Extended Data Fig. 2: CD19 CAR-T cell expansion in Adult B-ALL and B-cell lymphoma patients with initial high or low tumor burden. | Nature Biomedical Engineering

Extended Data Fig. 2: CD19 CAR-T cell expansion in Adult B-ALL and B-cell lymphoma patients with initial high or low tumor burden.

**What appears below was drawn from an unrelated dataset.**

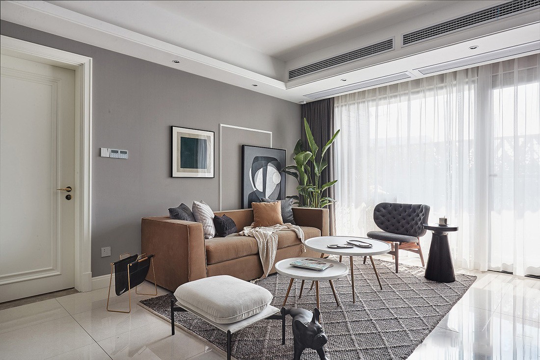明亮的采光无疑像一道强劲的柔光滤镜,秩序感和偶尔的线条融入,使空间的一切配色都恰到好处,白色与黄铜色结合的茶几,搭配精致小摆件,绿植的点缀,满满的自然气息,慵懒的单椅靠近窗边,享一抹阳光,品生活的惬意与美好。

From: Directed evolution-based discovery of ligands for in vivo restimulation of chimeric antigen receptor T cells

Extended Data Fig. 2

(a) The impact of high tumor burden on CAR-T expansion in a cohort of relapsed/refractory ALL patients (n = 29) treated with 4-1BB CAR-T19 (CTL019; NCT02030847). High tumor burden was defined as bone marrow involvement before CART19 higher than 5%. The majority of patients (23/29, 79.3%) had a high disease burden before treatment. High tumor burden correlated with higher peak of expansion (CAR19 copies/μg of DNA: high tumor burden: 77,109 vs. low tumor burden: 25,064; p = 0.0641;). P-values are calculated with a two-sided unpaired student’s t-test. (b) The impact of high tumor burden on CAR-T expansion in a cohort of relapsed/refractory B-NHL patients treated with 4-1BB CAR-T19 CTL019 within a clinical trial (n = 37; NCT02030834). High tumor burden was defined as serum LDH higher than 1.5 folds the upper normal limit at infusion. In this cohort, we observed a trend toward higher CAR-T19 expansion in patients with high disease burden (n = 7, 18.9%) than in patients with low tumor burden (n = 30, 81.1%) (CAR19 copies/μg of DNA 35,857 vs 18,718 respectively; p = 0.1501). P-values are calculated with a two-sided unpaired student’s t-test.